The Nazi confiscation of tens of thousands, perhaps hundreds of thousands, of pieces of art from German Jews, is called by one art expert “the most tragic chapter in the history of plunder.” The book is meticulously researched, brilliantly and dispassionately written, and is in all likelihood a game changer in the world of art, art provenance, and art restitution that will resound for years to come. The seventy-five color and 125 black and white images show a fraction of the lost treasure.

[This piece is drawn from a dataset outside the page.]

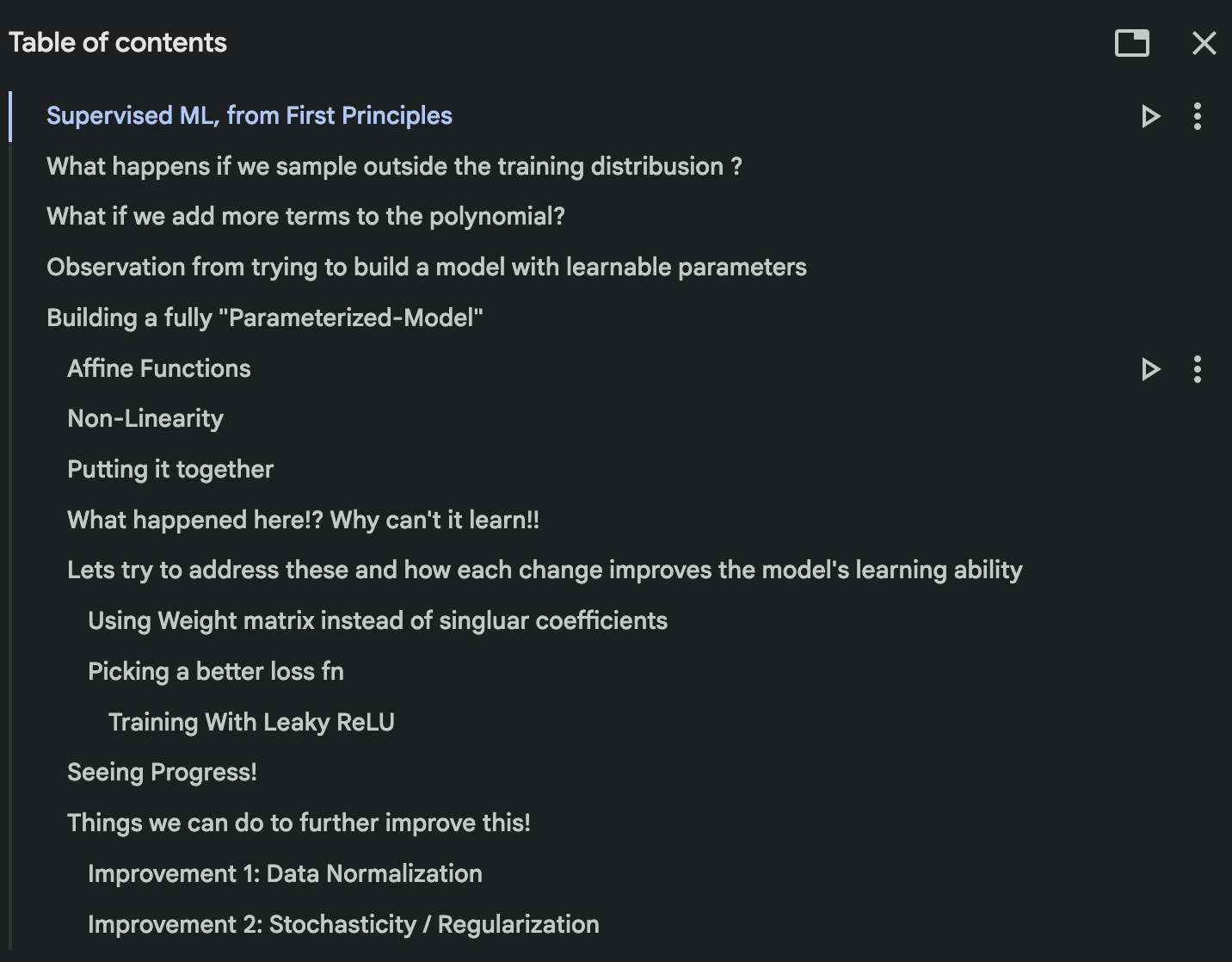 Again the goal of the notebook was to get to autograd only implementation which captures all the core compnents and how+why those things and are required. I literally try and code out each piece as seen in the TOC and train it on a ambitious brain-child of a dataset of my mine! Even though my model performs underwelmingly on the said task, it still demostrates the amazing learning capabilites of transformers and opens the door to important questions about data generation when randomness is involved and how much impact just improving the “representation” can have on model performance etc.

The stories are told one collector at a time, one agonizing and bewildering loss at a time, of the “degenerate” art that Hitler openly despised and secretly coveted. Lilly Cassirer, desperate to get out of Germany, sold Pissarro’s Rue Saint-Honoré to her “friend” Jakob Scheidwimmer for 900 Reich marks (about $1,000). That same painting now hangs in a museum in Madrid and is insured for €5 million, which is still probably only a tenth of its value. The famous art dealer Walter Westfield, who was unable to buy himself out of Germany, died at Dachau. Among the “degenerate” artists whose works were swept away were Kandinsky, Paul Klee, Piet Mondrian, and Egon Schiele. Klee’s seminal Swamp Legend was stolen by Hildebrand Gurlitt, Hitler’s official buyer for the Führer museum in Linz. Just to make it all legal, he “bought” the painting in 1941 for 500 Swiss francs.
Lost Lives, Lost Art simply could not have been written before now. It took the reunification of Germany and the fall of the Soviet Union to allow experts like Melissa Müller and Monika Tatzkow to begin their research in earnest. Finally in 1998, forty-four countries, including the United States, reached agreement on what is now known as the Washington Principles to attempt to restore the looted art to the heirs of the original owners. But the authors tell us that the path to recovery has been anything but smooth, and many countries such as Hungary and Spain have not signed the principles.
Müller is the author of Anne Frank: The Biography, and her sections of the book read like literature. Tatzkow is a leading authority on the recovery of stolen art, and her sections read more like summations to a jury, which is where they will likely wind up. Together they have written a beautifully illustrated chronicle of the worst time in human history.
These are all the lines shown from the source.